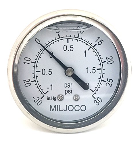 Miljoco PLF2598003 Liquid Filled Pressure Gauge, 2-1/2 Dial Size, 30" Hg-0-30 PSI and Bar
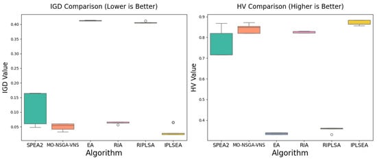 In HV metrics, the IPLSEA maintains its leading position with a mean value of 0.7244, the highest among all compared algorithms, coupled with exceptional stability evidenced by its minimal standard deviation (0.0012). This combination of a high hypervolume and low variability confirms the algorithm’s robust solution quality and reliable performance. The MO-NSGA-VNS and DPCPRA show stable but inferior results. These comprehensive results underscore IPLSEA’s dual advantage in both solution quality and algorithmic stability for multi-objective network optimization challenges.
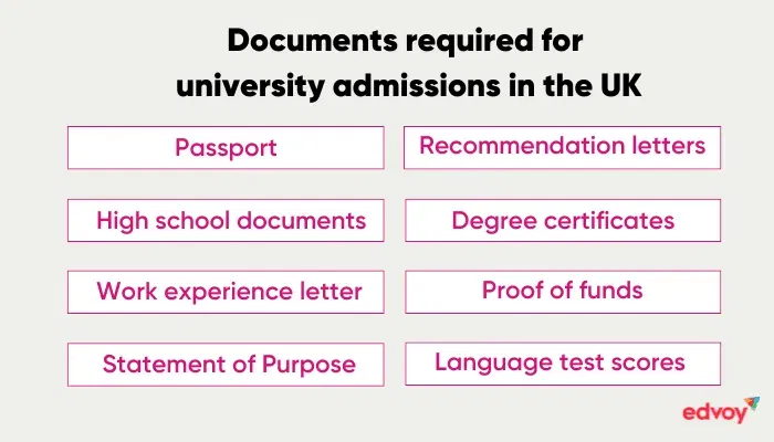 The first step in the application process is to identify your areas of interest and select the right course and university. Once you’ve finalised the university, visit the university’s website and review the eligibility requirements. This includes your academic scores, language test scores, work experience letter, statement of purpose, CV, and other documents. You can apply for undergraduate courses through UCAS.

(WHAT YOU NEED TO DO) No pictures should appear in the copy. Print exactly the lines above from the line containing "In HV metrics, the" through the last line of the data.

(RESPONSE AREA)
 In HV metrics, the IPLSEA maintains its leading position with a mean value of 0.7244, the highest among all compared algorithms, coupled with exceptional stability evidenced by its minimal standard deviation (0.0012). This combination of a high hypervolume and low variability confirms the algorithm’s robust solution quality and reliable performance. The MO-NSGA-VNS and DPCPRA show stable but inferior results. These comprehensive results underscore IPLSEA’s dual advantage in both solution quality and algorithmic stability for multi-objective network optimization challenges.
 The first step in the application process is to identify your areas of interest and select the right course and university. Once you’ve finalised the university, visit the university’s website and review the eligibility requirements. This includes your academic scores, language test scores, work experience letter, statement of purpose, CV, and other documents. You can apply for undergraduate courses through UCAS.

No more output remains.